Judicial review ‘a blunt tool’ to resolve post-conviction disclosure

A bid by convicted murderer Jeremy Bamber to secure evidence he claims could clear him has been dismissed by the High Court, in a ruling that underlines the importance of the role of the miscarriage of justice watchdog in post-conviction disclosure.  

As reported on the Justice Gap here, Bamber’s legal team issued judicial review proceedings against the Crown Prosecution Service over a failure to disclose evidence. They claim that the evidence could undermine Bamber’s 1986 conviction for the murders of his adoptive parents, sister and her six-year-old twin sons, thus rendering his whole life sentence a miscarriage of justice.

The challenge has implications for appeal law specialists who argue that, since the Supreme Curt case of Nunn in 2014, it has become increasingly impossible for the those alleging to be wrongly convicted to access evidence held by the police post conviction (here).  

In that case, Lord Thomas said that the ‘safety net’ in the case of disputed requests for review of such material was the Criminal Cases Review Commission (CCRC). As has been reported on the Justice Gap, campaigners believe that the Nunn ruling left those seeking disclosure in a ‘Catch-22’ – i.e., to make a successful request for evidence, they need to argue that such evidence is likely to demonstrate innocence. However, the only way to establish such knowledge is by accessing the evidence in the first place. It was a point raised by the chair of the all-party parliamentary group on miscarriages of justice chair Barry Sheerman MP in parliament.
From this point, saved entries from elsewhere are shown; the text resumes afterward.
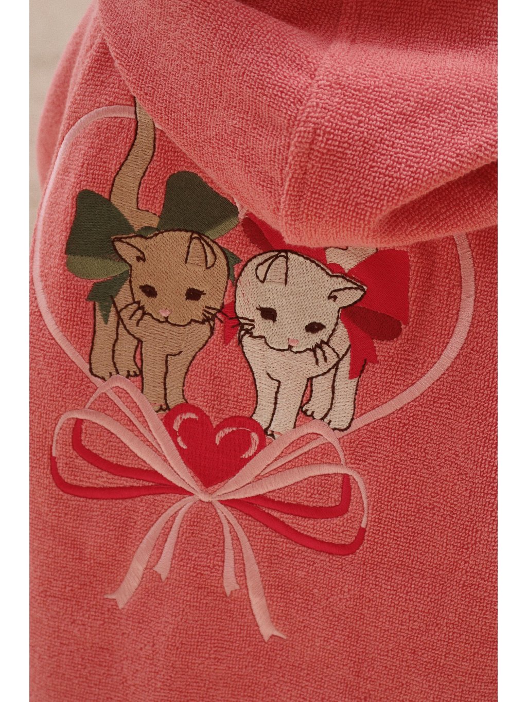 Nádherný dívčí froté župan s výšivkou kočiček. Župan je z organické bavlny. Měkký froté župánek je skvělý pomocník na zahřátí pro všechny vodní nadšence ve chvílích, kdy drkotají zuby a rty se zbarvují do modra. Po každé bublinkové koupeli, rychlé sprše nebo k bazénu, stačí jen přehodit přes sebe, zavázat a pořádně se zachumlat. Na zádech je velká výšivka růžové mašle, přední část zdobí mašlička malá.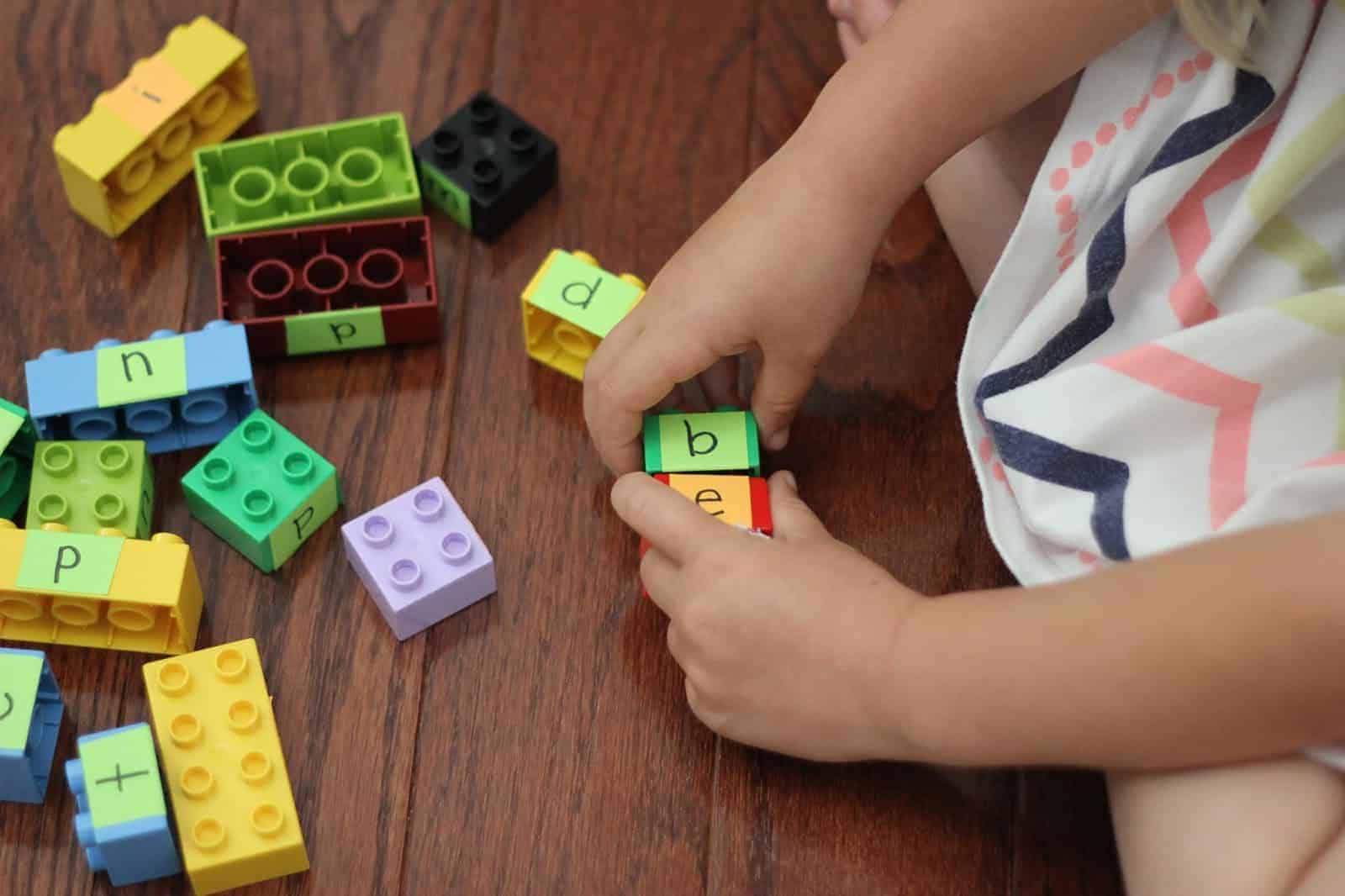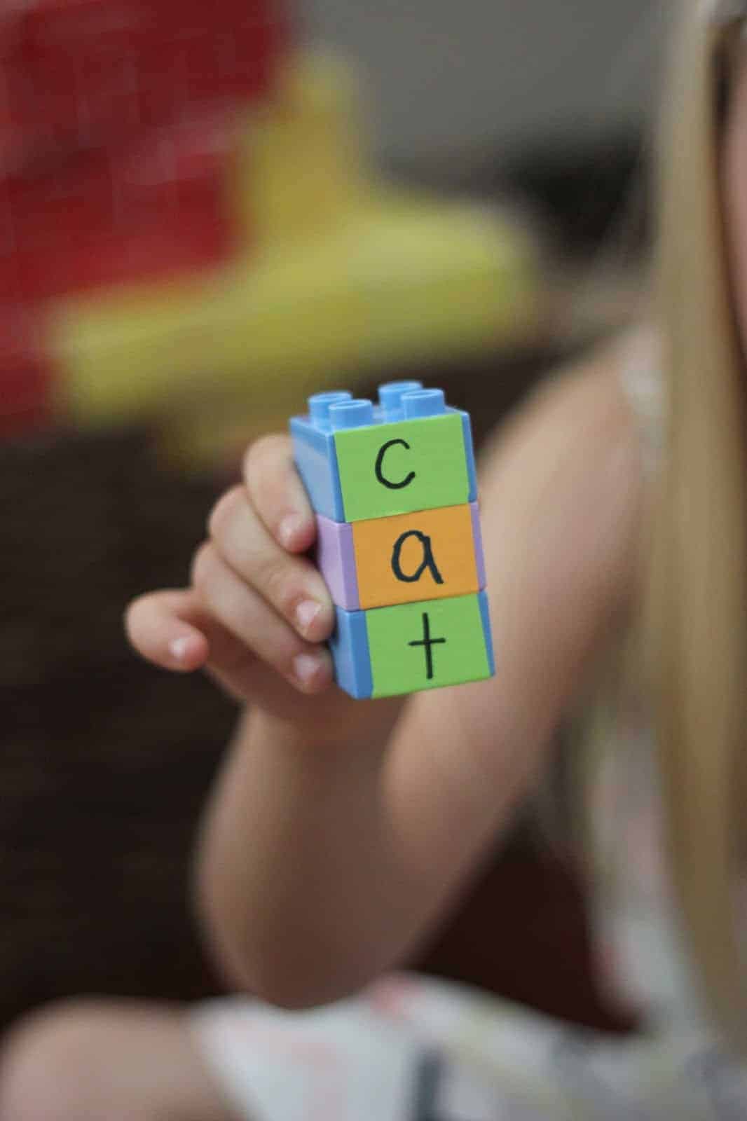 Next I used a simple CVC cheat sheet and called out CVC words for my daughter. Once I called out the word, she tried to sound it out and build it using the LEGO DUPLO bricks. She stacked the bricks together to build the words!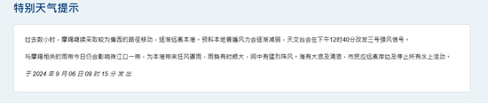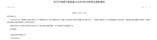 同期上交所和深交所发布公告称,2024年9月6日,港交所因台风暂停交易,港股通暂停交易。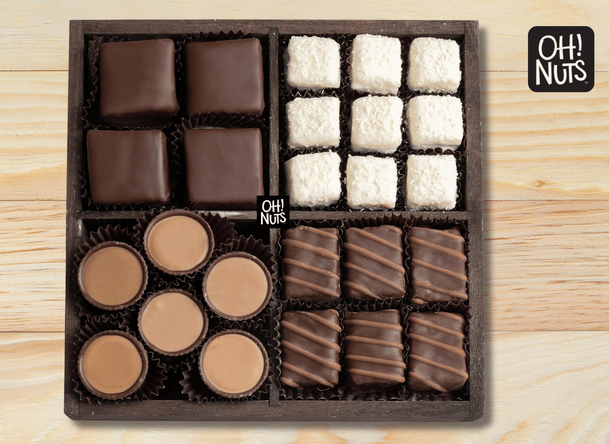 Oh! Nuts Gourmet Chocolate Gift Box - Assorted Treats in Elegant Wooden Tray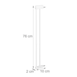 Individuelle Breite mit der Türgitter Erweiterung Die Gitter Verlängerung passt für Schutzgitter mit 76 cm Höhe und Seitenlöchern mit einem Durchmesser von 1 cm. Einfach eingesteckt, kann das Gitter wie gewohnt in Türrahmen oder zwischen Wänden eingespannt werden. Mit einer Auswahl von 4 verschiedenen Größen, können Sie eine individuelle Breite finden, die für Ihre Tür oder Treppe passend ist. So können auch breitere Durchgänge gesichert werden – ein nützliches Helferlein für Haushalte mit Babys oder Hunden.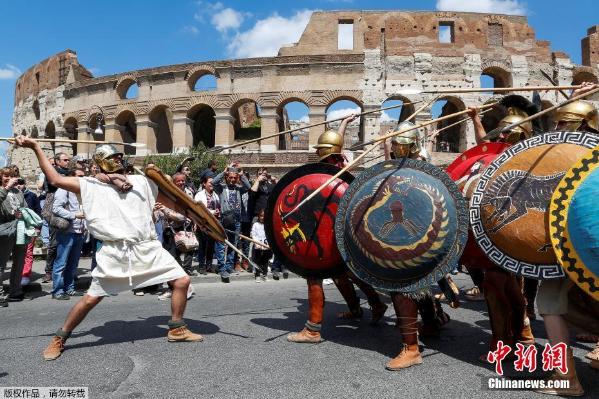当地时间4月23日,意大利罗马迎来2770岁生日,历史爱好者身着古罗马时代当地士兵和民众的服装,参加庆祝活动。图为历史爱好者手持长矛和盾牌,在罗马斗兽场前。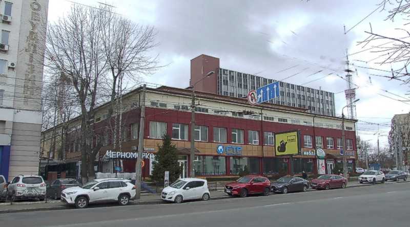 Офісний будинок (№ 83а)Розмір зображення: 800:444 піксел Фото М. І. Жарких, 18 березня 2021 р. Колись тут стояв будинок культури мотозаводу, але тепер, як бачимо, його знесли і збудували новий будинок. |

In the Bamber ruling, Mr Justice Knowles said he did not accept the existence of evidence was capable of determine the case ‘in any meaningful way’. He said that Bamber had ‘relentlessly explored every avenue of challenge up to and including the European Court of Human Rights’, including a number of applications to the CCRC. 

Bamber’s legal team argued that the CPS had misapplied the Nunn test.

‘If ever there was a case where the CCRC should be approached to make a decision on what is said to be new evidence, it is this one,’ said Mr Justice Knowles. ‘This is a massively complex case which has been investigated and re-investigated by more than one police force over some 35 years.’ The body of material was ‘vast’. ‘After so many years, and so much litigation, the CCRC is the body undoubtedly best placed to consider the Claimant’s arguments,’ he continued.

The judge went on to call judicial review ‘a hopelessly blunt tool’. ‘Even deciding what disclosure has, or has not, been made is fraught with difficulty… It simply does not have the material or understanding of all the detail of the case to be able to make that determination.’

His solicitor, Mark Newby called the decision ‘disappointing’ and said that there were ‘the makings of a fresh submission to the CCRC’. ‘The High Court declined a request…  which would have answered a very material aspect of this case namely – prima facie conclusions reached by an eminent ballistics expert that there may have been two silencers examined in this investigation,’ he said. ‘The issue could have been answered by disclosing just 27 documents out of an overall case file running to several million pages.’

He said that ‘the most expedient and resource sensitive way to address this important issue’ was through a judicial review; however he nw says that the ‘onus’ is on the CCRC.